Goodwill
Funds job training and employment placement programs through donated goods and community services.
Giving real estate sounds complicated. In practice, a Hapeville donation is mostly paperwork the receiving charity prepares — a title review, a deed transfer, and a qualified appraisal you arrange to substantiate the deduction.
Fulton County
County
6,590
Residents
For many owners a long-held Hapeville property has gained far more value than any cash savings — which makes the property itself the most tax-efficient thing to give.
Donors who itemize can deduct the full appraised value of Hapeville real estate, often the single largest charitable write-off available in a given year.
A property donation in Hapeville skips the public listing, the open houses, and the price history that a sale leaves on the record.
Turn your property into a second chance at life.
MatchingDonors.com is a 501(c)(3) that connects patients in need of a transplant with living altruistic organ donors — the first organization to facilitate an organ transplant through the internet.
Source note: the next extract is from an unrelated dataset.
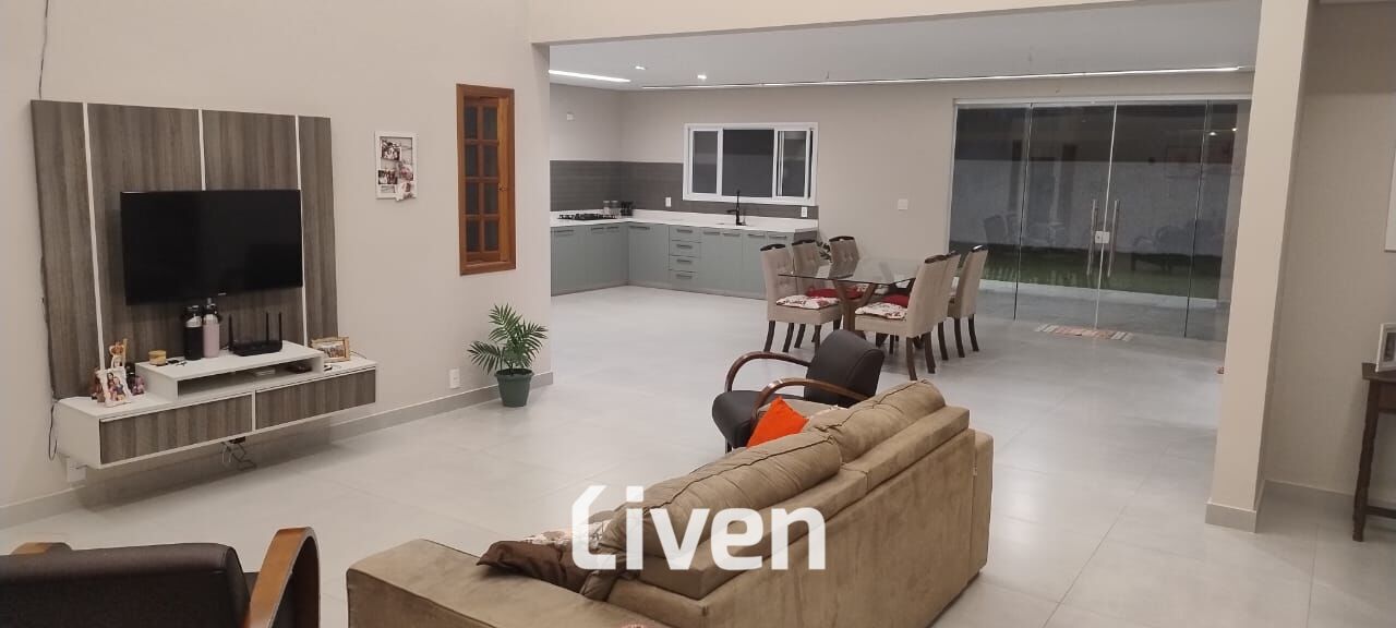 Sobrado em condomínio à venda de 326m², 4 quartos sendo 1 suíte avarandada com closet, banheiro social, lavabo, ampla sala de estar, sala de jantar, cozinha americana, área de serviço, quintal espaçoso, área gourmet com churrasqueira, imóvel repleto de armários planejados de ótima qualidade, 4 vagas de garagem sendo 2 cobertas e uma excelente localização.

Real estate gifts are converted into operating support, helping patients find a match in months instead of years on the national waiting list.
Real estate gifts routed to MatchingDonors.com receive prioritized handling — clear title transfer, fair-market-value appraisal, and a deduction letter inside 60 days. Proceeds fund the matching platform that has connected over 15,000 registered donors with patients in need.
See how much impact your property could make.
Well-known 501(c)(3) charities serving Hapeville — local branches plus national organizations that accept real estate.

Funds job training and employment placement programs through donated goods and community services.
Delivers emergency response, blood services, and disaster recovery across the country.
Builds and repairs affordable homes alongside families working toward stable, long-term homeownership.
Runs youth programs, fitness facilities, and community services that strengthen local neighborhoods.
Provides shelter, disaster relief, addiction recovery, and food assistance to people in crisis.
A Hapeville sale nets you cash, but only after agent commissions, closing costs, repairs, and capital gains tax are subtracted. What reaches your pocket is a fraction of the headline price.
A donation removes those subtractions. There is no commission and no capital gains event, and the charitable deduction is calculated on the property's full fair market value rather than the reduced net of a sale.
A transparent, four-step process ensures a smooth transition from property to philanthropy. (The exact process may differ between organizations, these are the general phases)
Your charity will conduct a preliminary assessment of your property's market value and suitability for donation.
Their experts handle title searches, environmental checks, and prepare all necessary transfer paperwork.
The property is officially transferred to the charity. You receive IRS Form 8283 for tax deduction purposes.
The property is sold and proceeds are distributed to your chosen charity to fund their mission.
Donors who itemize can generally deduct the fair market value of Hapeville real estate held longer than a year, up to 30% of adjusted gross income, with a five-year carryforward for any excess.
A qualified appraisal and IRS Form 8283 substantiate the deduction. This is general information, not tax advice — confirm the specifics with your own advisor.
Straight answers on donating real estate, the tax treatment, and what to expect.
Begin with the form on this page: provide a few basic details about the Hapeville property and request a free valuation. From there you are connected with a qualified 501(c)(3) that handles the appraisal, title transfer, and closing directly with you.
Yes. There is no limit on the number of properties you can donate. Each gift is appraised and documented separately, and donors with several holdings sometimes give more than one.
Fair market value for a real estate deduction is established by a qualified appraisal, not by an online estimate or the tax-assessed value. The IRS requires that appraisal for property gifts above $5,000.
Residential homes, vacant land, commercial buildings, and multi-family properties can all qualify. Condition and title issues are addressed during review rather than disqualifying a property upfront.
For property held more than a year and given to a public charity, the deduction is generally the fair market value set by a qualified appraisal. The actual tax savings depend on your appraised value, income, and filing situation, so confirm the figure with your tax advisor.
No. A valuation request is informational and carries no cost or obligation. You can review the estimate and decide whether a donation makes sense for you.
Find vetted real-estate-accepting charities elsewhere in the country.